In fact, the human genetic DNA of the new cell is unique, unlike any other in existence. It is human DNA that is different from both mother and father. Therefore, an abortion involves much more than just a woman and her body–it most certainly affects another human life. Science also proves that after just 22 days, a cardiovascular system has begun to form, and the child can circulate his own blood and has his own heartbeat. The unborn meets the requirements for life: cellular reproduction, metabolism, reaction to stimuli, and growth. The presence of growth is a good indicator of life, as both born and unborn organisms continue to grow; if they did not, they would be dead. Science proves to us that legitimate human life in the womb begins at the moment of conception and supports the argument that abortion compromises the human rights of both parties involved.
Clearly, there are two main sides in the abortion debate: pro-life (anti-abortion), and pro-choice (advocating legal abortion). Pro-choice individuals often argue that it should be a woman’s choice to have an abortion or not, that her privacy is her right, and decisions like abortion are intimate. While these contentions may have some merit, in the end, abortion can be simplified to a moral dilemma. With the extensive scientific knowledge about abortion, and what is really occurring, how can one still morally undergo this procedure? Despite whether or not a woman exercises the right to her fertility, and if the decision was made in private, what makes it an okay decision? It only appears to support women’s rights and is the terminating of a precious life. The pro-choice camp promotes abortion insofar as it doesn’t oppose it. The pro-life position is the one that stands for women, their unborn children, and is based on the concept that all life is precious.

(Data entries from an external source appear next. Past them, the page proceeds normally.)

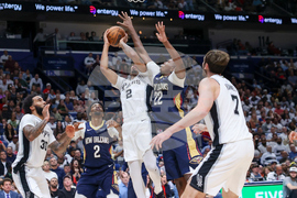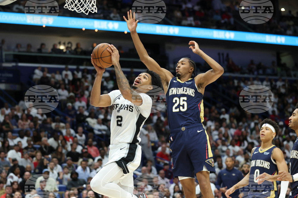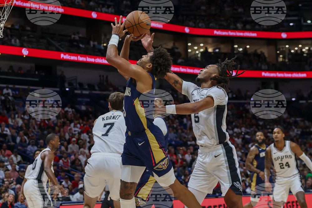 New Orleans Pelicans forward Herbert Jones (2) tries to block San Antonio Spurs guard Devin Vassell (24) during the first half of an NBA basketball game Friday, Oct. 24, 2025, in New Orleans. (AP Photo/Peter Forest)
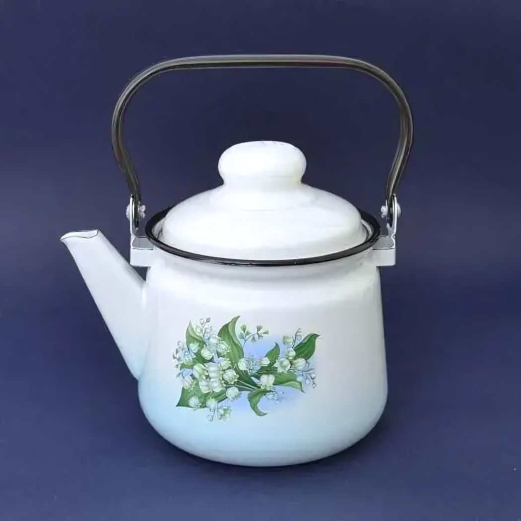 Эмалированный чайник объёмом 1,5 литра создан для тех, кто ценит уют, комфорт и душевные чаепития дома. Оригинальный цветочный рисунок на белом корпусе добавит гармонии вашему интерьeру, а классическая форма и гладкое эмалированное покрытие обеспечивают приятное тактильное ощущение и простоту в уходе.
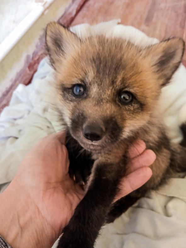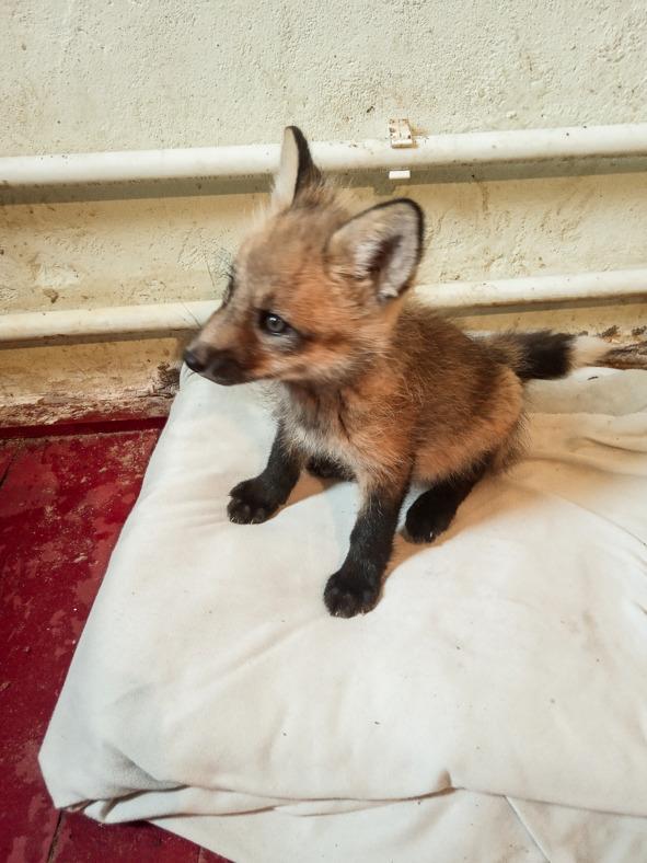 Лисичка оказалась маленькой дикаркой. Она не дается в руки, прячется между стеной и коробкой, фырчит на нас. Мы заранее приготовили бутылку с соской и козье молоко. Теперь осталось дело за малым — поймать малышку и накормить.
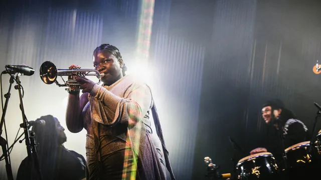 Goed nieuws en slecht nieuws: Kokoroko mist vandaag een trombonist en een saxofonist vanwege een gemiste vlucht. Balen, want het zijn juist de harmonieën van blazers en vocalen die de Londense jazzgroep hun kenmerkende melancholische sausje geeft. En het goede nieuws? Er zijn dan nog zes topmuzikanten over, die met hun relaxte mix van highlife, afrobeat, en jazz de doorgebroken zon kracht bij komen zetten. ‘Kokoroko’ betekent ‘wees sterk’ in de Zuid-Nigeriaanse taal Urhobo, en dat mag de groep nu laten zien. Als echte jazzcats improviseren de overgebleven zes zich door de set heen.
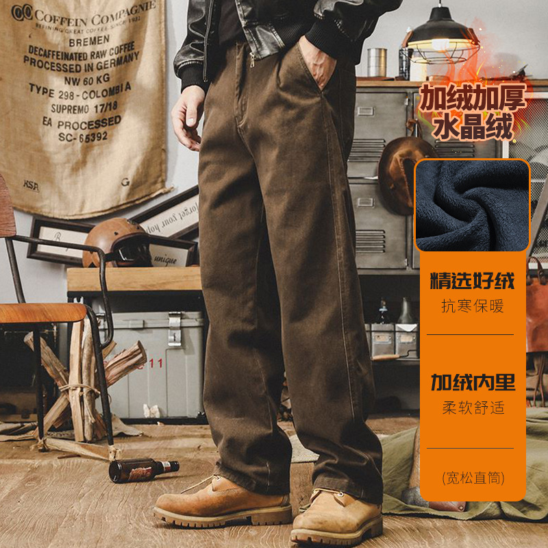 미국 복고풍 300g 무거운 작업 바지 남성 가을 조수 브랜드 튀김 세척 느슨한 스트레이트 바지 남성 캐주얼 바지
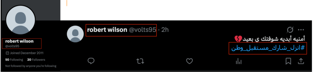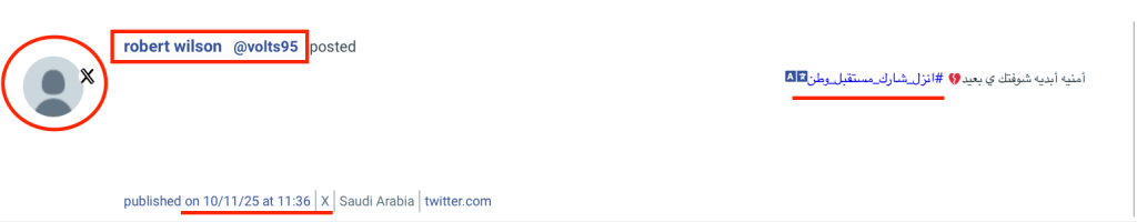 باستخدام أداة التحليل Talkwalker، تمكّنا من تحديد الحساب الذي أطلق الوسم لأول مرة، وهو حساب يحمل اسم robert wilson (@volts95)، ومسجّل بموقع جغرافي في المملكة العربية السعودية.
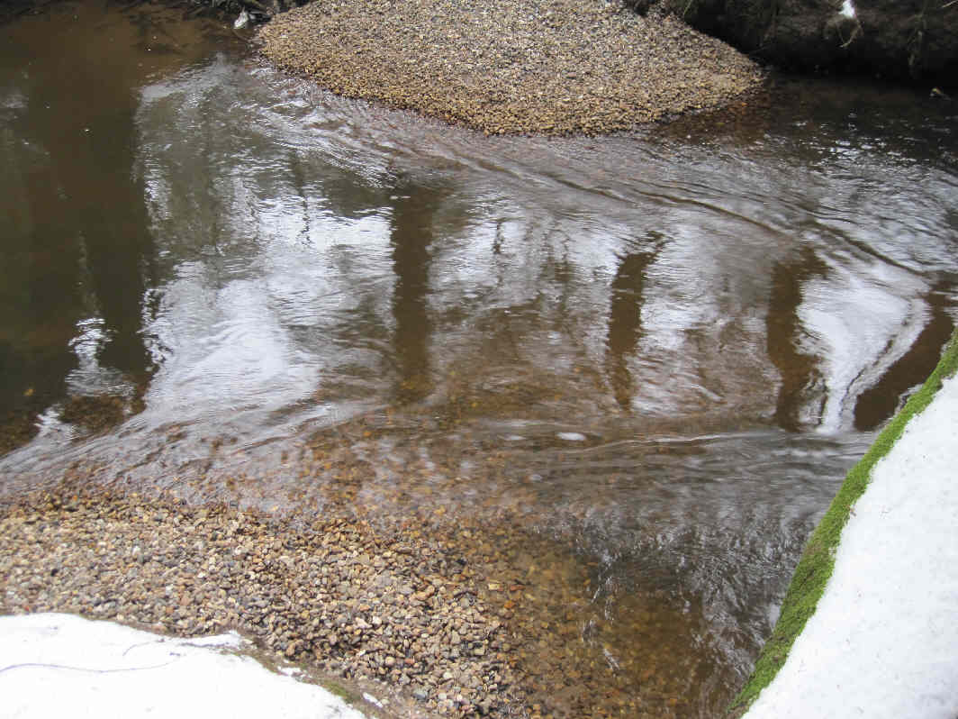 Besonders der Anstrom der Rauschen wird bevorzugt belaicht. Liegt der Kies großflächig, schlagen sich die Forellen ihre Kleinstruktur mit Kuhle und folgendem Kiesanstrom selbst.
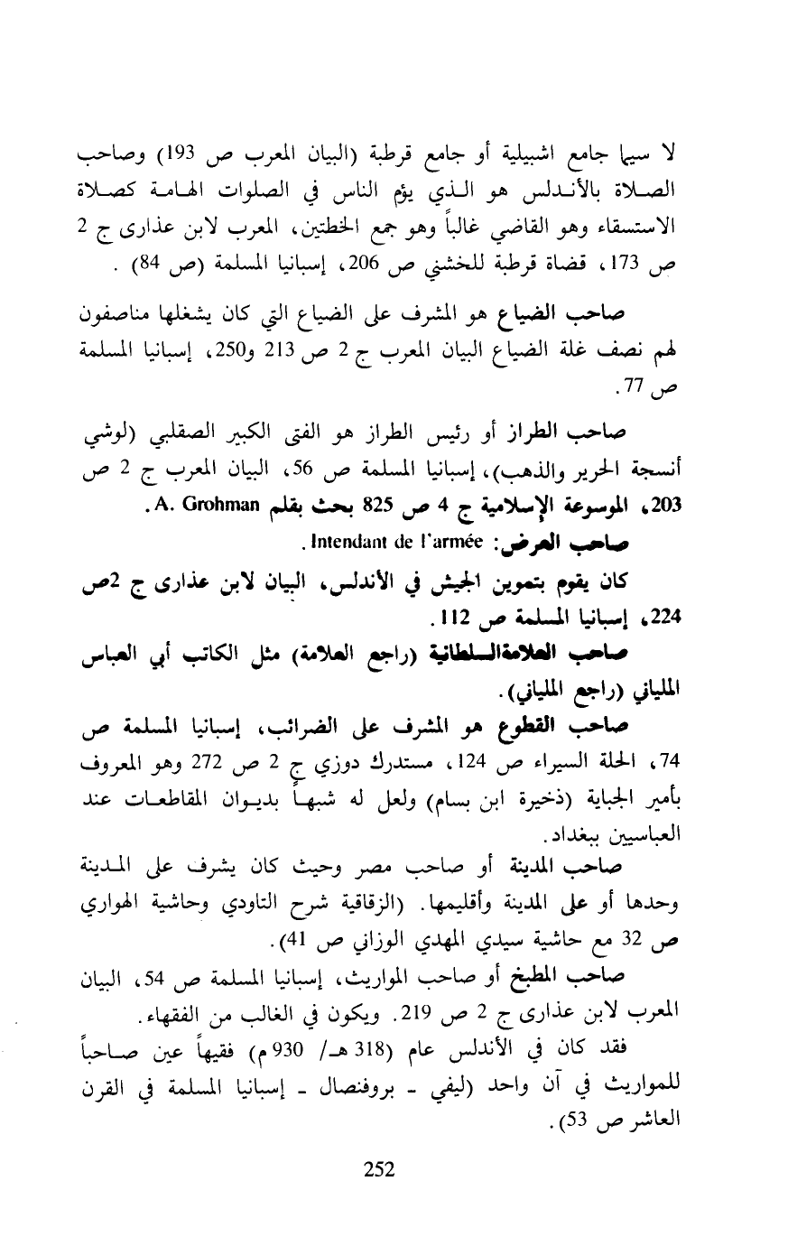 لا سيما جامع اشبيلية أو جامع قرطبة (البيان المعرب ص 193) وصاحب الصلاة بالأندلس هو الذي يؤم الناس في الصلوات الهامة كصلاة الاستسقاء وهو القاضي غالبًا وهو جمع الخطتين، المعرب لابن عذارى ج 2 ص 173، قضاة قرطبة للخشني ص 206، إسبانيا المسلمة (ص 84).
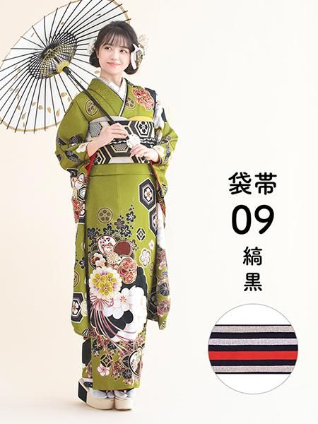 振袖レンタルセット フラッグ菊(黒)/帯 縞(オフ)
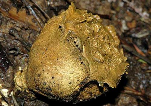 An exotic golden yellow species with a lobed appearance. The gleba (spore mass) is olivaceous at first, becoming grey. On maturity the fruiting body opens up to resemble an empty earthstar (Geastrum). Diam: 40–60 mm. They are mycorrhizal with tea tree and Eucalyptus
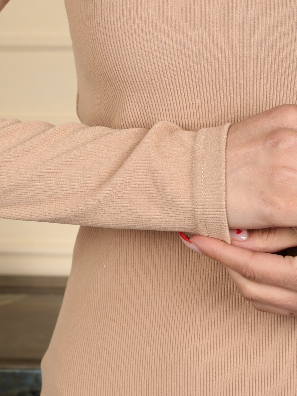 Элегантное бежевое платье миди длины с квадратным вырезом. Облегающий силуэт подчёркивает фигуру, а длинные рукава добавляют утончённости. Модель выполнена из плотного трикотажа с лёгкой эластичностью — для комфорта и стильного внешнего вида. Идеально подходит для деловых встреч, вечеров и особых случаев.
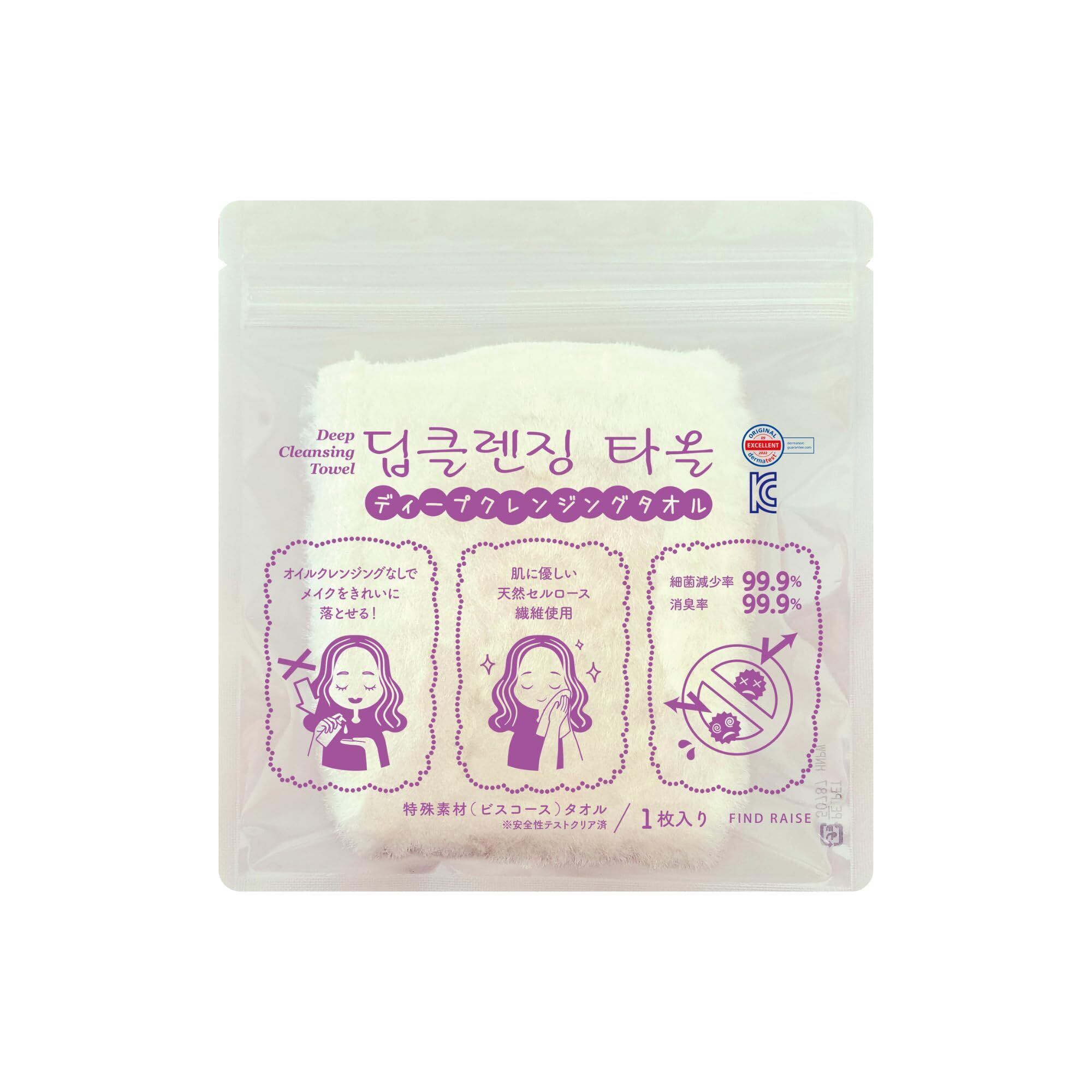 ファインドレイズ ディープ クレンジングタオル フェイスタオル 繰り返し使用可能 1枚入り ビスコースレーヨン使用 オイルクレンジング無しでメイクが落ちる 細菌減少率 消臭率 99.9%
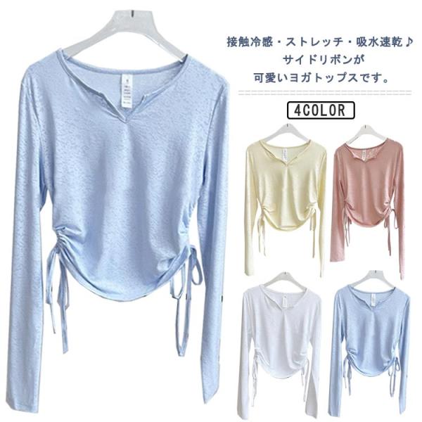 ヨガウェア ウェア トップス ホットヨガ ヨガtシャツ レディース 薄手 ダンス 接触冷感 長袖tシャツ ストレッチ ヨガウェア ジム スポーツ フィ

We need more focus on the issues surrounding abortion. America is built upon equality and the right to life, yet abortion is still morally acceptable to many and is legal.
We must stay true to our values as a country–and as moral individuals–to protect all life, whether it be that of an endangered animal, the environment, or an unborn child.
We must stay true to our values as a country–and as moral individuals–to protect all life, whether it be that of an endangered animal, the environment, or an unborn child. Individuals need to be more educated on the science behind conception. We need to halt the message that pregnancy can mean no future or career. If people are educated, open-minded, and proactive, we can end the widespread support of abortion and ultimately end the killing of innocent unborn human beings.